3. The isolation sleeve stepwise transfer mechanism of claim 2, wherein: the upper side of the adsorption plate (1) is provided with a reinforcing frame (13), the suction interface (12) is arranged on the reinforcing frame (13), and the reinforcing frame (13) is communicated with the inside of the adsorption plate (1).

4. The isolation sleeve stepwise transfer mechanism of claim 1, wherein: a plurality of telescopic actuating mechanisms (2) are arranged on the upper side of the adsorption plate (1), and the telescopic actuating mechanisms (2) are connected with the translation sliding mechanism (3) through a supporting structure (4).

5. The isolation sleeve stepwise transfer mechanism of claim 4, wherein: the support structure (4) comprises a first support plate (42), wherein second support plates (41) are respectively arranged at two ends of the lower side of the first support plate (42), a plurality of telescopic actuating mechanisms (2) are respectively arranged at the lower side of the second support plates (41), and the first support plate (42) is connected with the translation sliding mechanism (3).

6. The isolation sleeve stepwise transfer mechanism of claim 5, wherein: the translational sliding mechanisms (3) are provided with two sets, a third supporting plate (43) is further arranged on the upper side of the first supporting plate (42), and the third supporting plate (43) is connected with the two sets of translational sliding mechanisms (3).

7. The isolation sleeve stepwise transfer mechanism of claim 1, wherein: the translation sliding mechanism (3) is a linear sliding module, the linear sliding module comprises a sliding rail assembly (31) and a sliding block (32) arranged on the sliding rail assembly (31), a driver (33) is arranged on the sliding rail assembly (31), the driver (33) drives the sliding block (32) to reciprocate, and the telescopic actuating mechanism (2) is connected with the sliding block (32).

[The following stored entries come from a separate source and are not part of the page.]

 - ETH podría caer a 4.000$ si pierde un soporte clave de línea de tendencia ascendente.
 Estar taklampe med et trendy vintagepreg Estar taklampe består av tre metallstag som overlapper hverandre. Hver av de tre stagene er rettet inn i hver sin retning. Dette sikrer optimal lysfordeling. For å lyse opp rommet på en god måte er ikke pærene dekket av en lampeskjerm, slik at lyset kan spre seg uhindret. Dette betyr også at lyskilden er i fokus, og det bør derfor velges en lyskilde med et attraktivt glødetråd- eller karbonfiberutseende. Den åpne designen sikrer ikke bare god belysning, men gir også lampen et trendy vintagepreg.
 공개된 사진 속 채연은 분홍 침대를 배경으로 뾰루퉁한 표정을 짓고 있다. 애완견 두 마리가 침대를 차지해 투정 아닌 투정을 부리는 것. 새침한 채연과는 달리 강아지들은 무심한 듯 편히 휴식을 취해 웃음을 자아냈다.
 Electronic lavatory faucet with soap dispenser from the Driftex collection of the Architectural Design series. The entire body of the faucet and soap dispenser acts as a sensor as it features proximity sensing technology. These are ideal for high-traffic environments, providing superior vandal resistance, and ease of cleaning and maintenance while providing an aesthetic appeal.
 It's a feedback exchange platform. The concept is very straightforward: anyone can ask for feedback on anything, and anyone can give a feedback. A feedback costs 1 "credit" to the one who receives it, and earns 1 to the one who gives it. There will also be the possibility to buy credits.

8. The isolation sleeve stepwise transfer mechanism of claim 6, wherein: the translation sliding mechanism (3) is a linear sliding module, the linear sliding module comprises a sliding rail assembly (31) and a sliding block (32) arranged on the sliding rail assembly (31), two sets of translation sliding mechanisms (3) are connected and driven through a transmission shaft (34), a driver (33) is arranged on one translation sliding mechanism (3), the driver (33) drives the sliding blocks (32) on the two sets of translation sliding mechanisms (3) to synchronously operate, and a third supporting plate (43) is connected with the sliding blocks (32).

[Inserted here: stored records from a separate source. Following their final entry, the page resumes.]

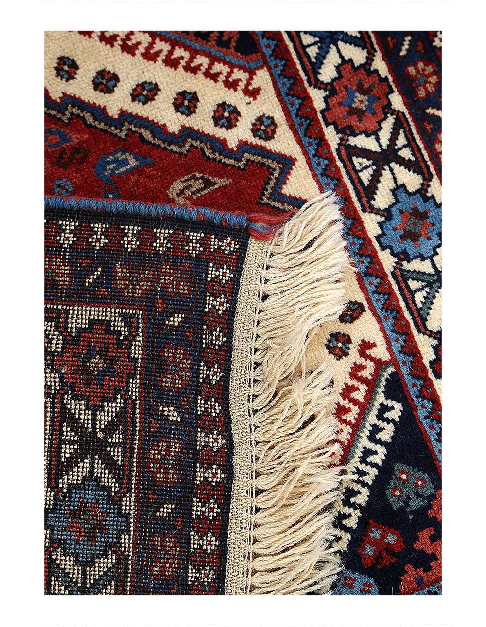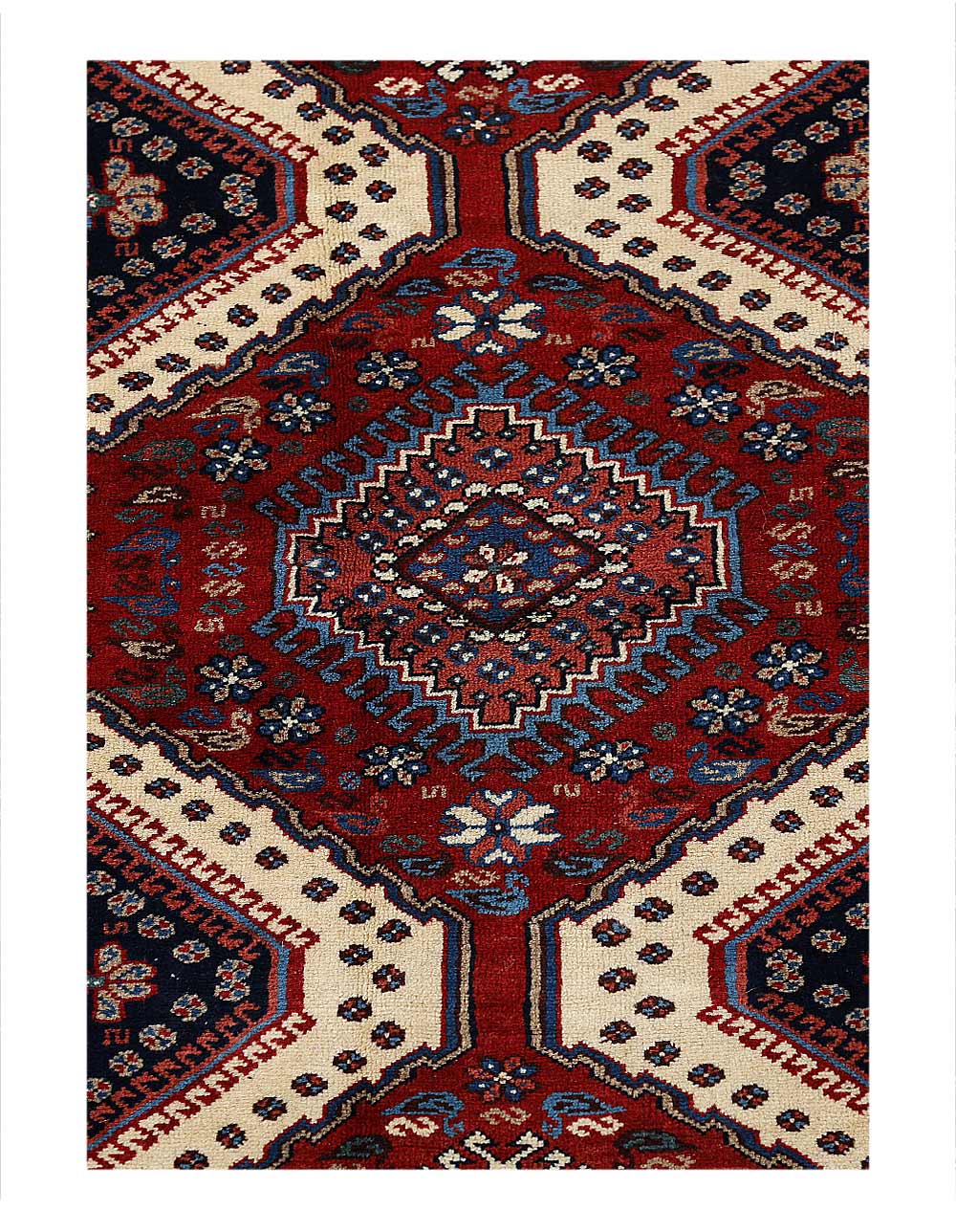 The pile used in Yalameh rugs is very fine, particularly in comparison to other tribal designs, using soft wool based on a Wool foundation. The pattern is distinctive with large repeated diamonds in a straight line down the carpet, often with geometrical animal or human prints scattered across the field. Dark red or light brown on a blue or orange background is most common for Yalameh, similar to Shiraz rugs, the rugs compliment modern or minimalist furniture beautifully, giving the living space an aura of luxurious style and warm.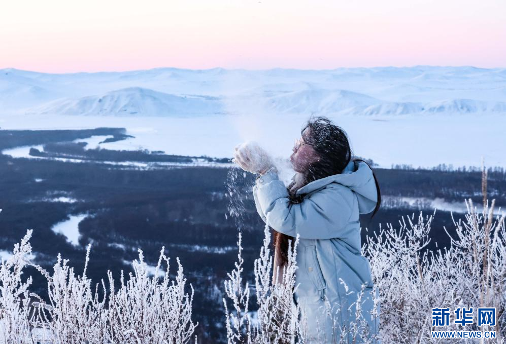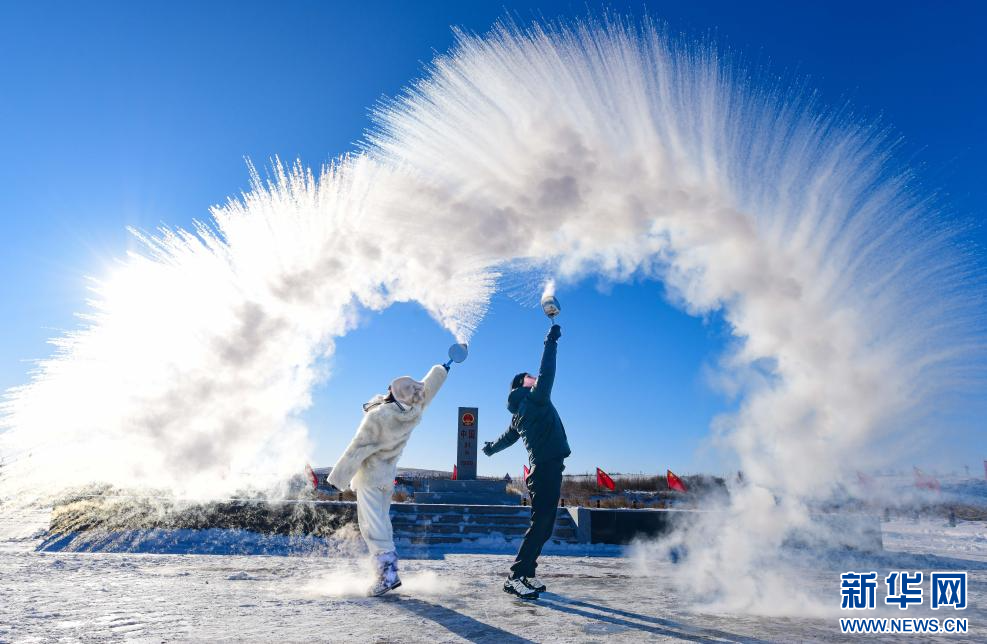 12月23日,游客在黑山头口岸景区体验泼水成冰。新华网发(康文魁 摄)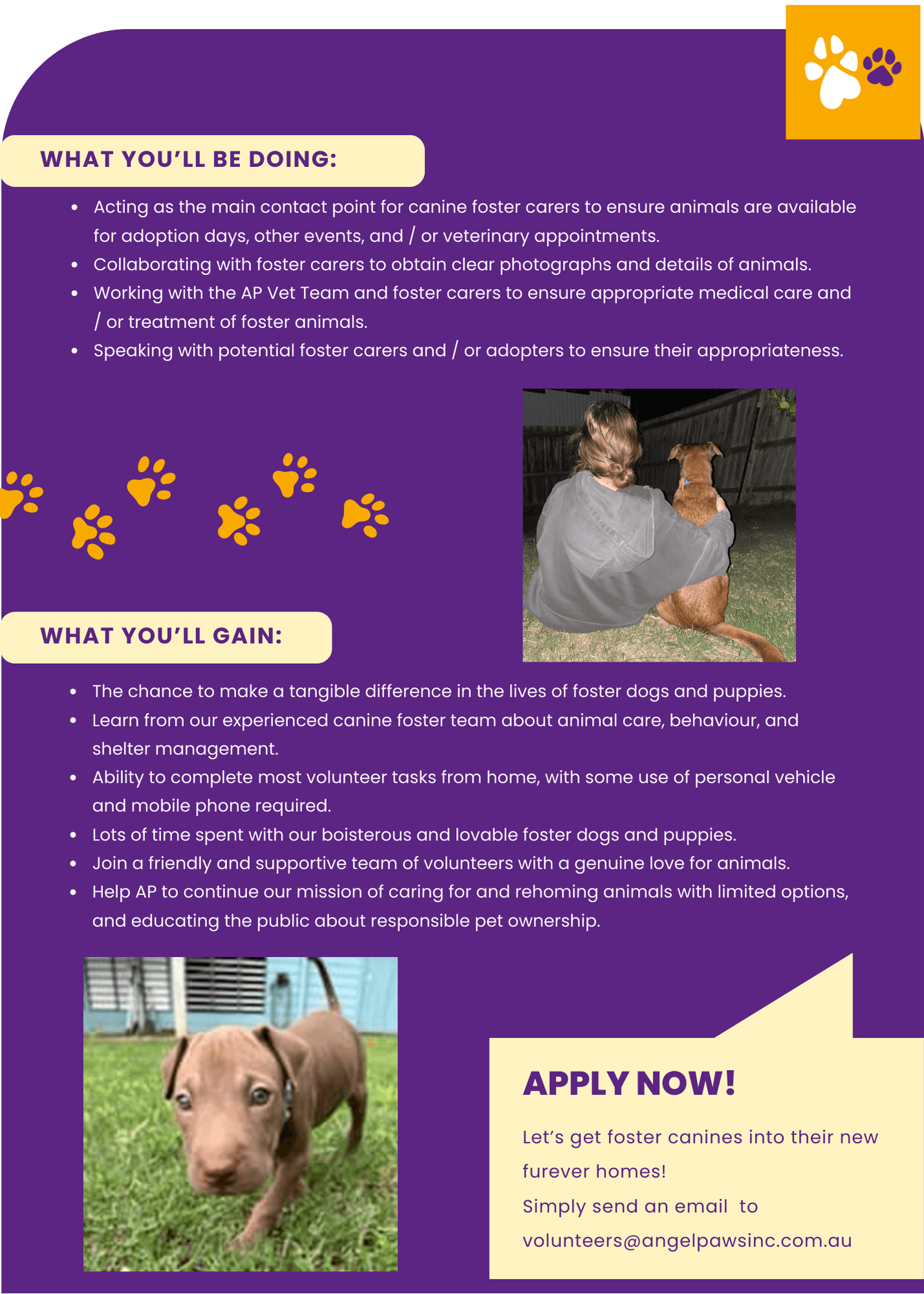 If you have any questions about our specific requirements for volunteers, please email to volunteers@angelpawsinc.com.au.

9. The barrier sleeve stepwise transfer mechanism of claim 1 or 4, wherein: the telescopic actuating mechanism (2) is an air cylinder or an oil cylinder.

10. The isolation sleeve stepwise transfer mechanism of claim 1, wherein: when the telescopic actuating mechanism (2) is in a retracted state, the height of one adsorption plate (1) is higher than that of the other adsorption plate (1), and when the telescopic actuating mechanism (2) is in an extended state, the lower side surfaces of the two adsorption plates (1) can be propped against the same plane.